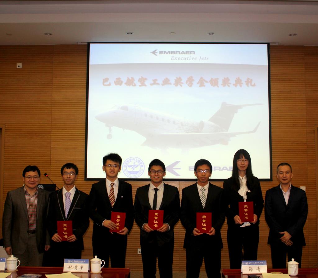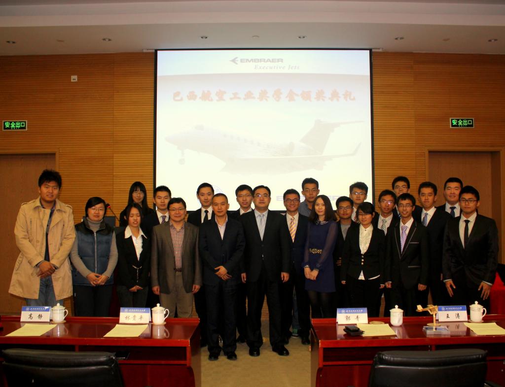 此次巴西航空工业公司奖学金共颁发一等奖5名、二等奖10名。获奖学生中,有1人获得挑战杯特等奖,8人获得全国航模锦标赛个人或者团体冠军,其余获奖者在“冯如杯 ”等科技竞赛中也有突出表现 。
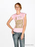 Футболка из тонкого и очень мягкого трикотажа. Классический крой. Короткий рукав. Округлый вырез горловины с декоративной прострочкой в тон изделия. Слегка приталенный силуэт. Изделие декорировано надписью-аппликацией.
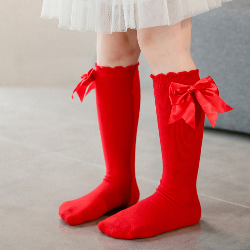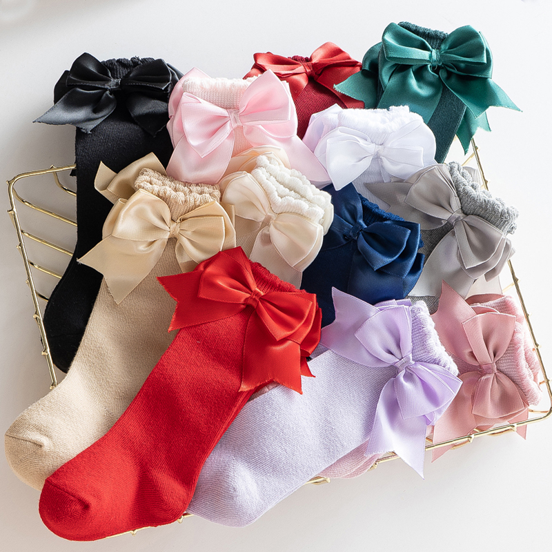 Bas en soie à bretelles et nœuds jusqu'au genou
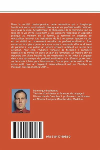 Dans la société contemporaine, cette séparation qui a longtemps fonctionné entre vie étudiante théorique et vie professionnelle pratique, n'est plus de mise. Actuellement, la philosophie de la formation tout au long de la vie invite clairement à lier approche théorique et approche pratique au moment de se former, se remettre en question, se réactualiser, innover. Les institutions de FLE ne peuvent ignorer ce qui est en réalité un mouvement mondial de professionnalisation. Pour conserver leur place parmi une concurrence croissante elles se doivent de garantir à leur public un service efficace reflétant un savoir-faire actualisé. Pour cela, l'Alliance française de Medellin a considéré nécessaire de mettre en place un plan de formation sur mesure afin de répondre aux divers besoins de ses enseignants et les aider à s'engager dans cette dynamique de professionnalisation. La réflexion porte alors sur les choix à faire pour l'élaboration d'un tel plan de formation. Nous avons opté pour un dispositif essentiellement axé sur l'Analyse de Pratiques Professionnelles (APP)...
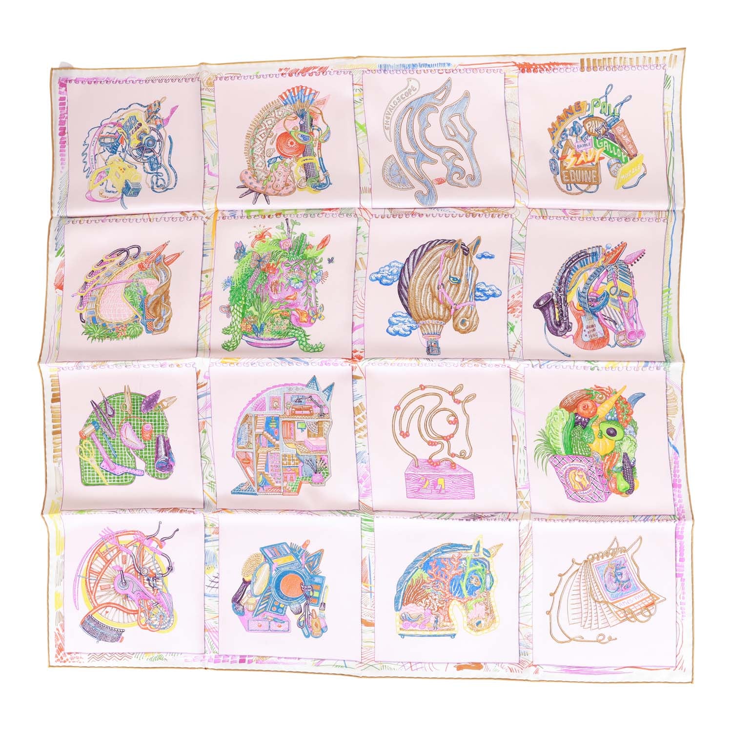 Hermes "Chevalpscope" Rose Nacre/Vert Multicolor Silk Shawl 90cm
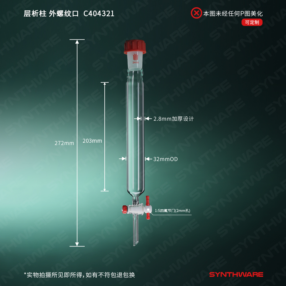 层析类 > 层析柱 > 外螺纹口-无砂芯层析柱 > SYNTHWARE > 层析柱,外螺纹口,φ32mm,有效长:203mm C404321
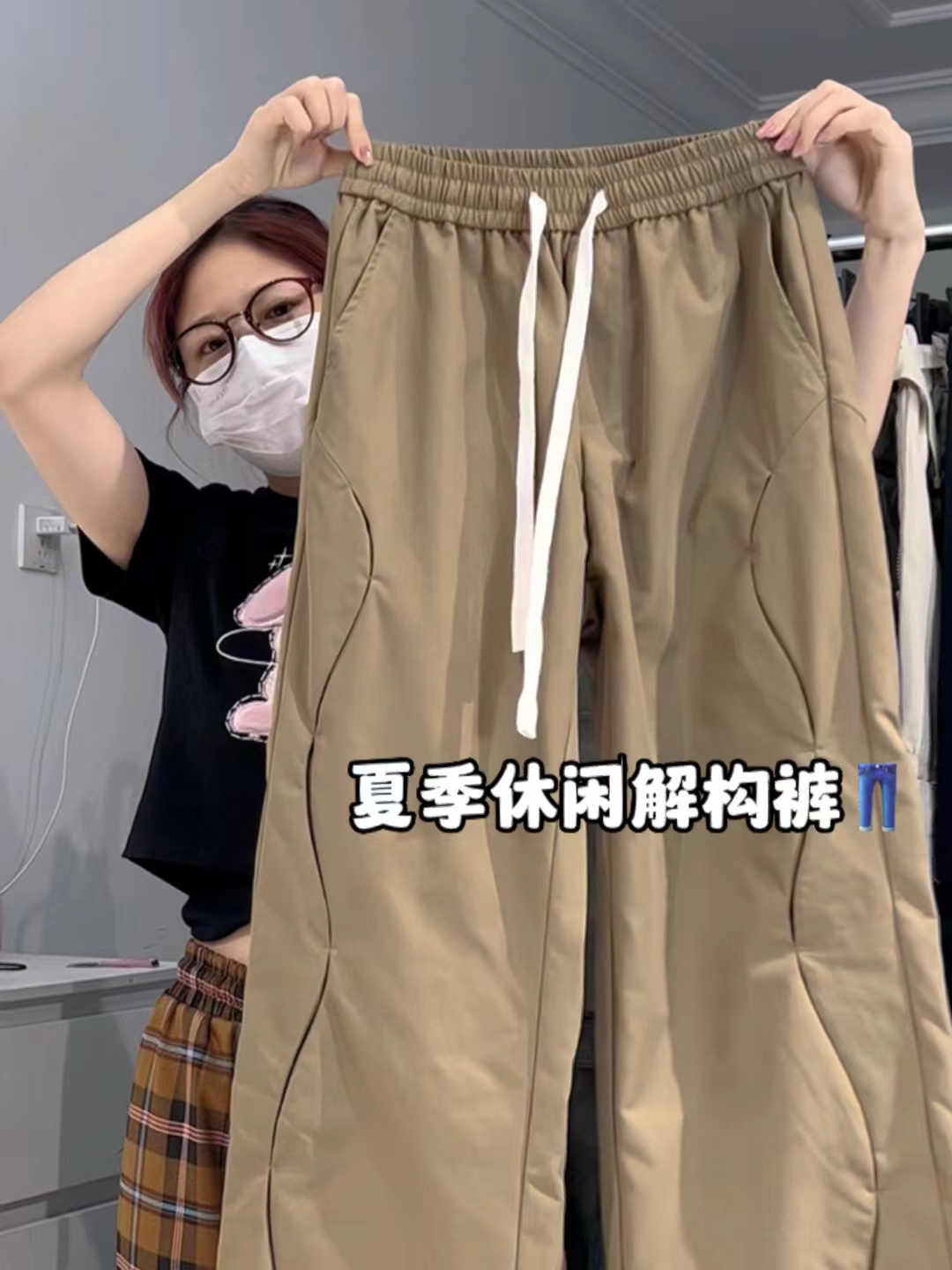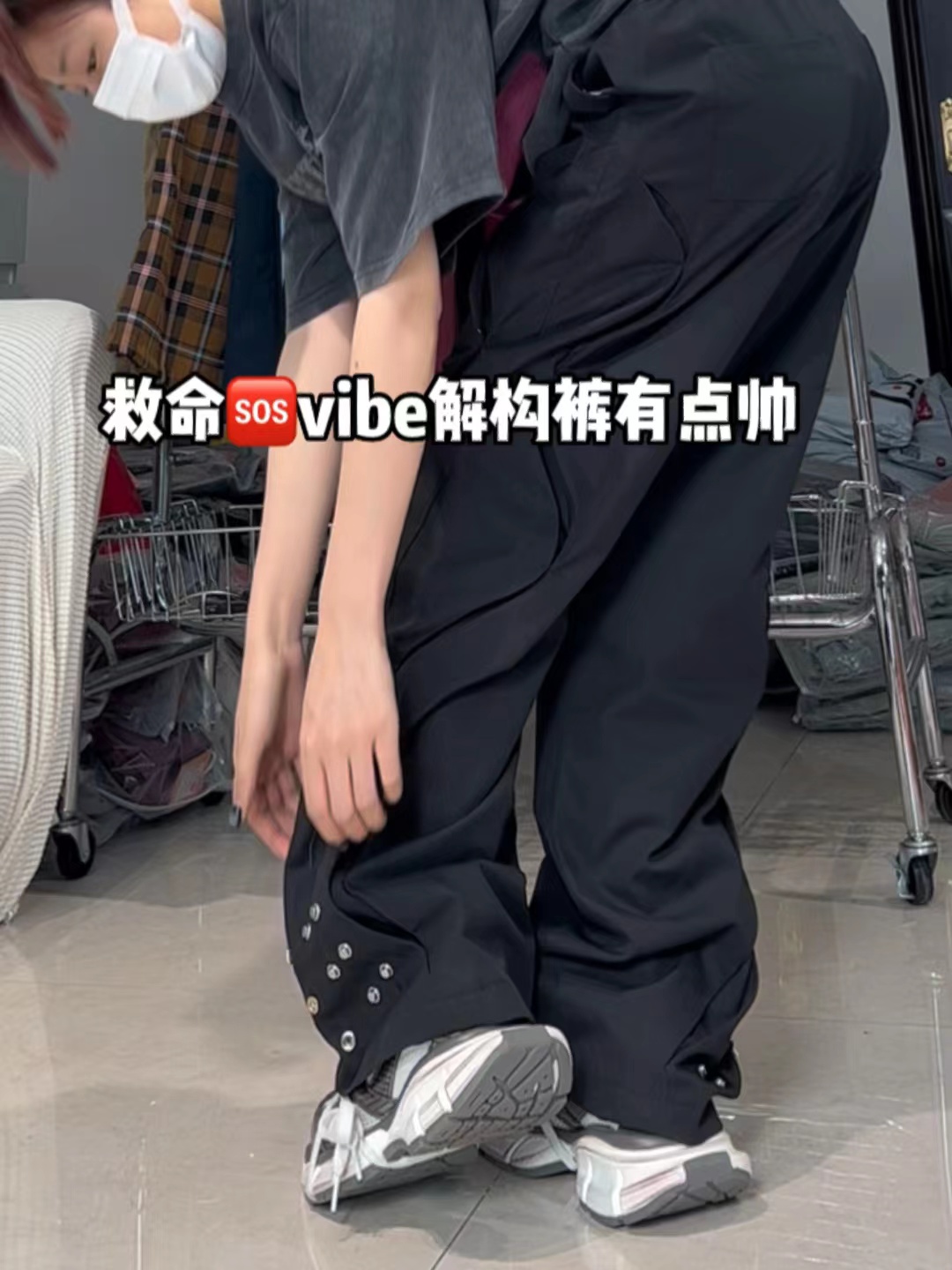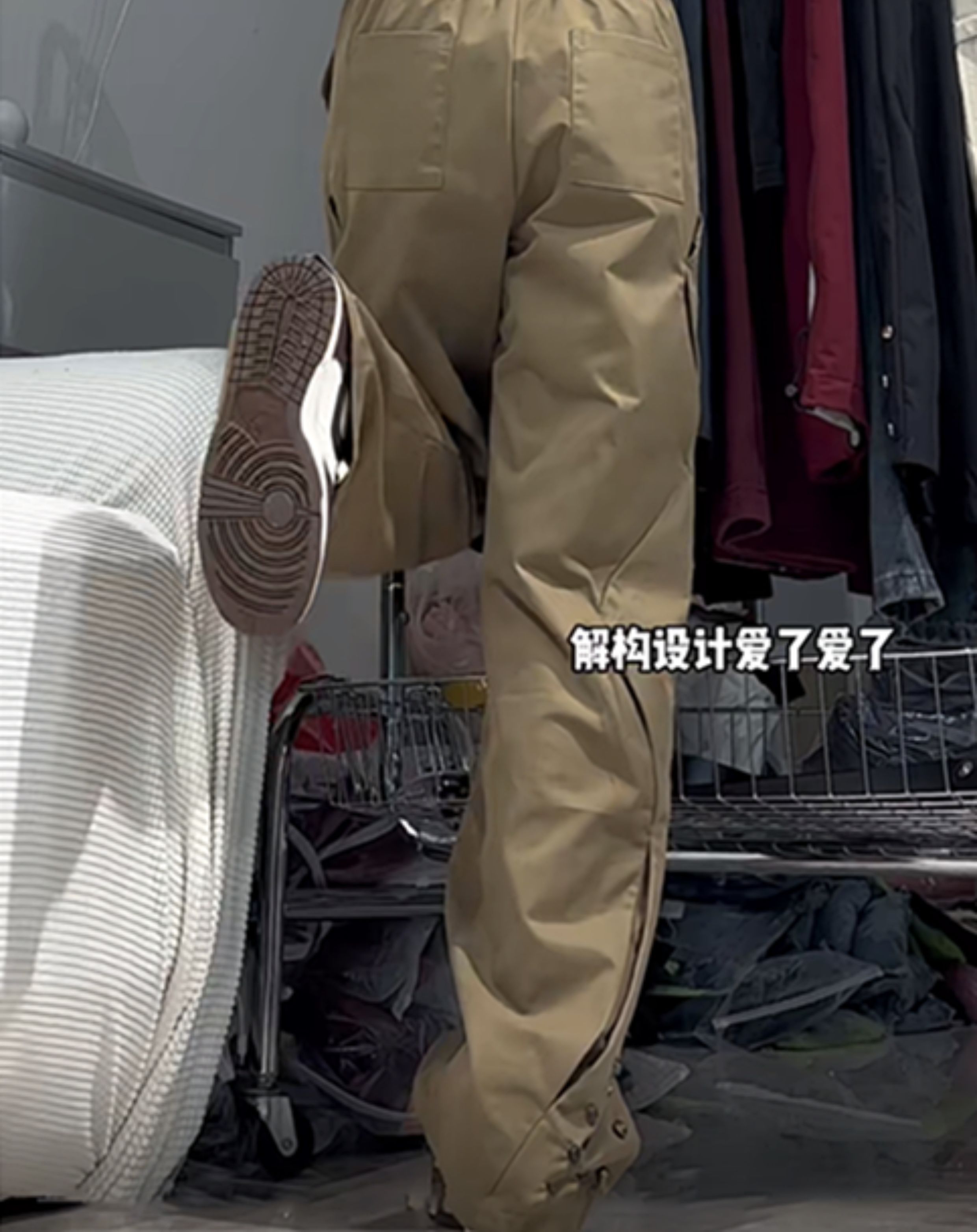 美式寬鬆復古設計感街頭男女休閒vide解構褲高街直筒高腰運動長褲
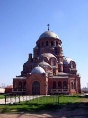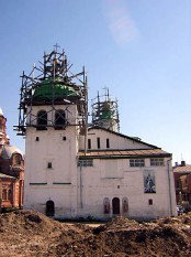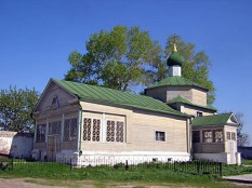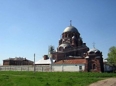 Не поражает красотой построек: старая деревянная Троицкая церковь – ровесница Свияжска – сильно перестроена, каменная Сергиевская, построенная псковскими мастерами в 1604 г. - в лесах. В панораме видна только византийская Скорбященская церковь, но мне этот стиль не близок.
---*---
Give back every record above word for word; the pictures have no place in it.

 此次巴西航空工业公司奖学金共颁发一等奖5名、二等奖10名。获奖学生中,有1人获得挑战杯特等奖,8人获得全国航模锦标赛个人或者团体冠军,其余获奖者在“冯如杯 ”等科技竞赛中也有突出表现 。
 Футболка из тонкого и очень мягкого трикотажа. Классический крой. Короткий рукав. Округлый вырез горловины с декоративной прострочкой в тон изделия. Слегка приталенный силуэт. Изделие декорировано надписью-аппликацией.
 Bas en soie à bretelles et nœuds jusqu'au genou
 Dans la société contemporaine, cette séparation qui a longtemps fonctionné entre vie étudiante théorique et vie professionnelle pratique, n'est plus de mise. Actuellement, la philosophie de la formation tout au long de la vie invite clairement à lier approche théorique et approche pratique au moment de se former, se remettre en question, se réactualiser, innover. Les institutions de FLE ne peuvent ignorer ce qui est en réalité un mouvement mondial de professionnalisation. Pour conserver leur place parmi une concurrence croissante elles se doivent de garantir à leur public un service efficace reflétant un savoir-faire actualisé. Pour cela, l'Alliance française de Medellin a considéré nécessaire de mettre en place un plan de formation sur mesure afin de répondre aux divers besoins de ses enseignants et les aider à s'engager dans cette dynamique de professionnalisation. La réflexion porte alors sur les choix à faire pour l'élaboration d'un tel plan de formation. Nous avons opté pour un dispositif essentiellement axé sur l'Analyse de Pratiques Professionnelles (APP)...
 Hermes "Chevalpscope" Rose Nacre/Vert Multicolor Silk Shawl 90cm
 层析类 > 层析柱 > 外螺纹口-无砂芯层析柱 > SYNTHWARE > 层析柱,外螺纹口,φ32mm,有效长:203mm C404321
 美式寬鬆復古設計感街頭男女休閒vide解構褲高街直筒高腰運動長褲
 Не поражает красотой построек: старая деревянная Троицкая церковь – ровесница Свияжска – сильно перестроена, каменная Сергиевская, построенная псковскими мастерами в 1604 г. - в лесах. В панораме видна только византийская Скорбященская церковь, но мне этот стиль не близок.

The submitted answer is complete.